Product Manager, AI Platform Kernels and Communication Libraries
SCRAPED
Used Tools & Technologies
Not specified
Required Skills & Competences ?
GitHub @ 6 Algorithms @ 3 Communication @ 3 Product Management @ 5 CUDA @ 3 GPU @ 3Details
NVIDIA's AI Software Platforms team seeks a technical product manager to accelerate next-generation inference deployments through innovative libraries, communication runtimes, and kernel optimization frameworks. This role bridges low-level GPU programming with ecosystem-wide developer enablement for products including CUTLASS, cuDNN, NCCL, NVSHMEM, and open-source contributions to Triton/FlashInfer.
Responsibilities
- Architect developer-focused products that simplify high-performance inference and training deployment across diverse GPU architectures.

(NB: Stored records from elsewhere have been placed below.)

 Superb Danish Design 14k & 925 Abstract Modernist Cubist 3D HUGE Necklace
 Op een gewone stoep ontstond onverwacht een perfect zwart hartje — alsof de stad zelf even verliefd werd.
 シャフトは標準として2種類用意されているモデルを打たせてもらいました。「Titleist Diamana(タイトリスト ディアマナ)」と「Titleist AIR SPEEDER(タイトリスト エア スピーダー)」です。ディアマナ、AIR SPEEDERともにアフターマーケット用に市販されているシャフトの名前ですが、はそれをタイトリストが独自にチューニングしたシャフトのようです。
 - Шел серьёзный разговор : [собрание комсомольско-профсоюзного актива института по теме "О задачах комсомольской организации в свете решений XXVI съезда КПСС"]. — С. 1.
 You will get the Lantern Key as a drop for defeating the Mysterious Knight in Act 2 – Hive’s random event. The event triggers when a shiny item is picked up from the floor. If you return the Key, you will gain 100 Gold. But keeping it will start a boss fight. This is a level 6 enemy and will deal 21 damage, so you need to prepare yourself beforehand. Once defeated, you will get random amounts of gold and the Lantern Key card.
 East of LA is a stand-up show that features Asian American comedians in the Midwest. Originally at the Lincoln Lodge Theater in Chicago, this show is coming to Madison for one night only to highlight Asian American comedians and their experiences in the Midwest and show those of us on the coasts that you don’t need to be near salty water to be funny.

- Define the multi-year strategy for kernel and communication libraries by analyzing performance bottlenecks in emerging AI workloads.

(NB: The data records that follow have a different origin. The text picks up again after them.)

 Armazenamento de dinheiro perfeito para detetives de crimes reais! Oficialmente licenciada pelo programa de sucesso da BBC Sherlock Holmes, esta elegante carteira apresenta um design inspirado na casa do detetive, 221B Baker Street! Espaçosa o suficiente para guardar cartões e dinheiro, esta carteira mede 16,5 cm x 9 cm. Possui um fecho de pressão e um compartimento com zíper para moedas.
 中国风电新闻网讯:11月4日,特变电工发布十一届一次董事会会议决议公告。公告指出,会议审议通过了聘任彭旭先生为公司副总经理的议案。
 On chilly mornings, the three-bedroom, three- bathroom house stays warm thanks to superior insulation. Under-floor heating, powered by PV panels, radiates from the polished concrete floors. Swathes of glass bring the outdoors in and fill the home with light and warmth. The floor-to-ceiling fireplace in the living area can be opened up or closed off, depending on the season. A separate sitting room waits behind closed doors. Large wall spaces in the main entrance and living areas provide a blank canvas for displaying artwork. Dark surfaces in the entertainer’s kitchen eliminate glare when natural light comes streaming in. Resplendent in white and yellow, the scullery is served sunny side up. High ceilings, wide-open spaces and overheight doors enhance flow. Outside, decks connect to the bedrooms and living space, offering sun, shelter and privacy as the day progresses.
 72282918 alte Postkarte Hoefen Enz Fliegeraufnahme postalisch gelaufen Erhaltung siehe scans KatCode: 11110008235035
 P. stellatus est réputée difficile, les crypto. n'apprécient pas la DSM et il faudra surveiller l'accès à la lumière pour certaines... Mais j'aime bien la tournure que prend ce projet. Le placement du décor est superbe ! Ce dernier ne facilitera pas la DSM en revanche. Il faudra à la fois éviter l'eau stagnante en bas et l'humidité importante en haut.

- Collaborate with CUDA kernel engineers to design intuitive, high-level abstractions for memory and distributed execution.
- Partner with open-source communities like Triton and FlashInfer to shape and drive ecosystem-wide roadmaps.
- Work with internal developers and external ecosystem users to identify key improvements, create roadmaps, and drive product strategy and go-to-market plans.
Requirements
- 5+ years of technical product management experience shipping developer products for GPU acceleration, with expertise in HPC optimization stacks.
- Expert-level understanding of CUDA execution models and multi-GPU protocols, with a proven track record of translating hardware capabilities into software roadmaps.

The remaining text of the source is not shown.